Task requirements — What follows is a listing to transcribe exactly, leaving the pictures out.

Source material —
.....

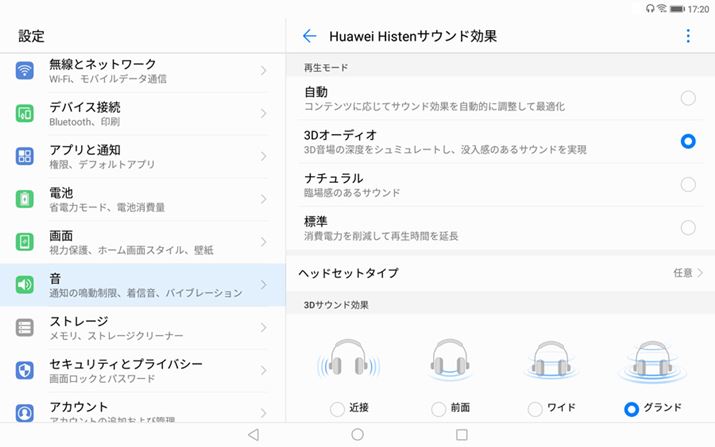 ファーウェイ独自のサラウンド技術「Histen」の設定画面。ヘッドホンやイヤホンを使って、臨場感のあるサウンドを堪能できる
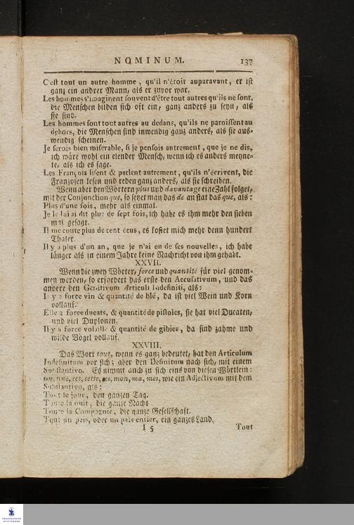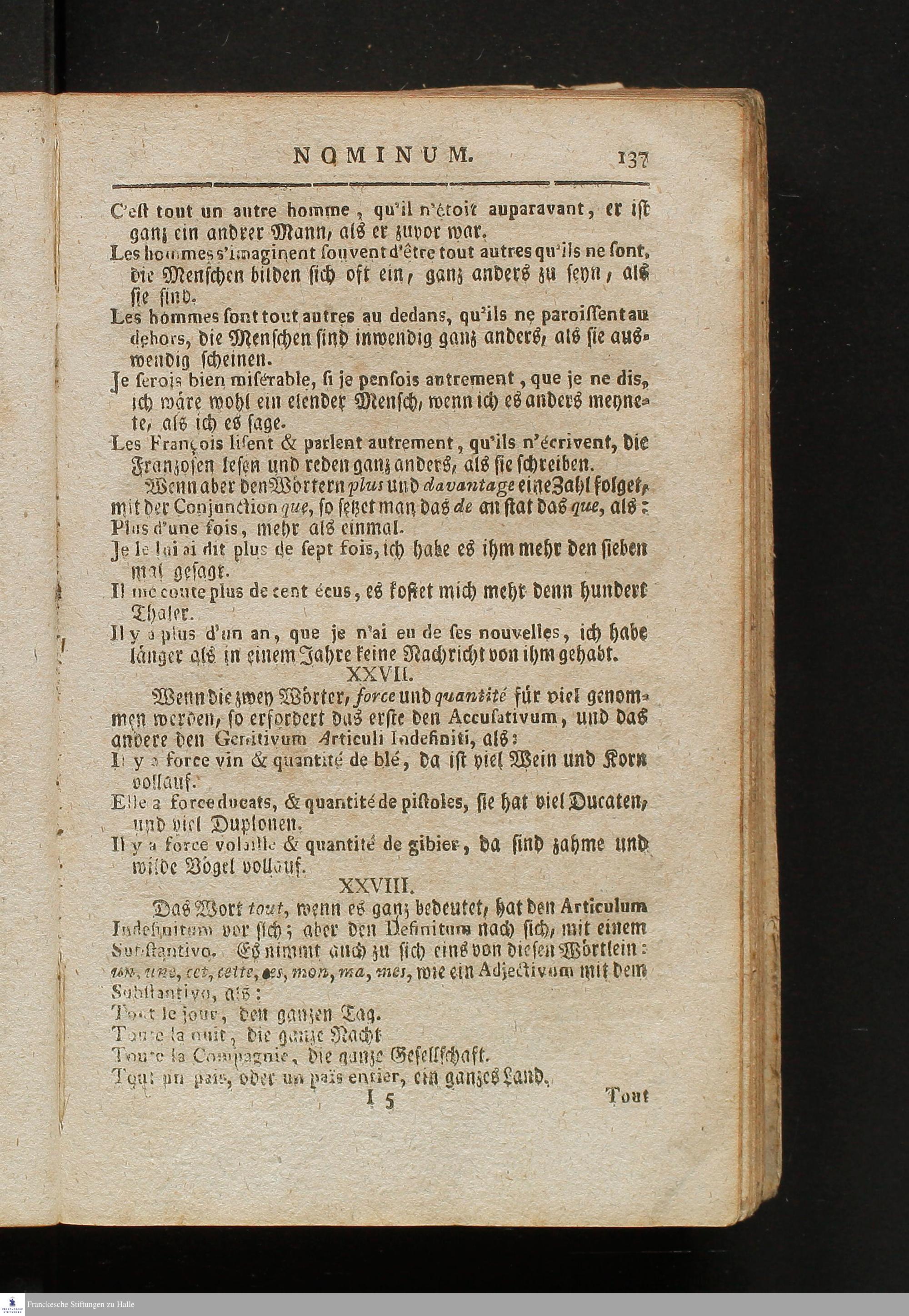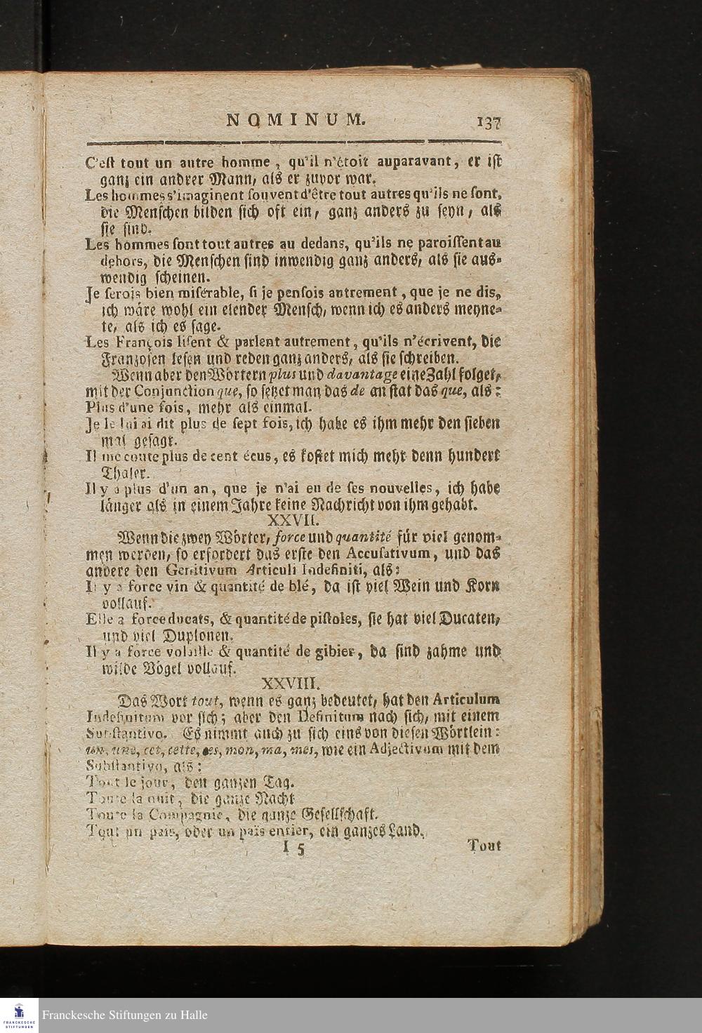Neue und vollständige Königliche Französische Grammatica : Mit einem neu-eingerichteten Syntaxi, einem verbesserten Wörterbuche, manierlichen Gesprächen ... und nach jetziger Zeit wohlgesetzten Briefen : Bisher unter dem Nahmen des Herrn von Pepliers, vielmals herausgegeben, Gegenwärtig aber durchgehends aus des berühmten französischen Jesuiten, Hrn. Buffier, und anderer Gelehrten Anmerkungen auf das fleißigste verbessert, mit einem zulänglichen Unterricht von der .... Orthographie und Aussprache, einer .... Anweisung zur deutschen Titulatur, auch einem viel vergrösserten Churfl. Sächs. TitularBuche, aufs das neue übersehen, verbessert und vermehret
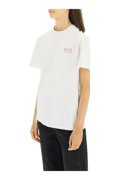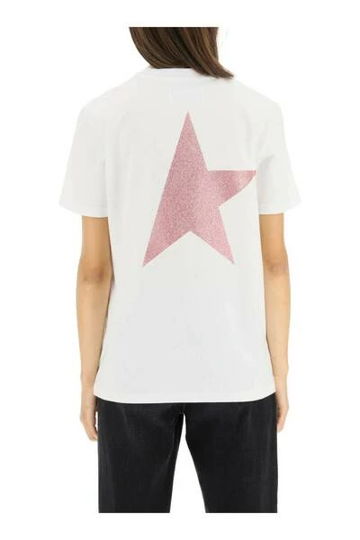Golden Goose Pure Cotton T-shirt met letterslogo print op de borst en een Maxi-ster aan de achterkant, beide glinsteren. Micro geribbeld Crewneck en regelmatige pasvorm. Het model is 177 cm lang en draagt maat XS.

.....

Written reply —
 ファーウェイ独自のサラウンド技術「Histen」の設定画面。ヘッドホンやイヤホンを使って、臨場感のあるサウンドを堪能できる
Neue und vollständige Königliche Französische Grammatica : Mit einem neu-eingerichteten Syntaxi, einem verbesserten Wörterbuche, manierlichen Gesprächen ... und nach jetziger Zeit wohlgesetzten Briefen : Bisher unter dem Nahmen des Herrn von Pepliers, vielmals herausgegeben, Gegenwärtig aber durchgehends aus des berühmten französischen Jesuiten, Hrn. Buffier, und anderer Gelehrten Anmerkungen auf das fleißigste verbessert, mit einem zulänglichen Unterricht von der .... Orthographie und Aussprache, einer .... Anweisung zur deutschen Titulatur, auch einem viel vergrösserten Churfl. Sächs. TitularBuche, aufs das neue übersehen, verbessert und vermehret
Golden Goose Pure Cotton T-shirt met letterslogo print op de borst en een Maxi-ster aan de achterkant, beide glinsteren. Micro geribbeld Crewneck en regelmatige pasvorm. Het model is 177 cm lang en draagt maat XS.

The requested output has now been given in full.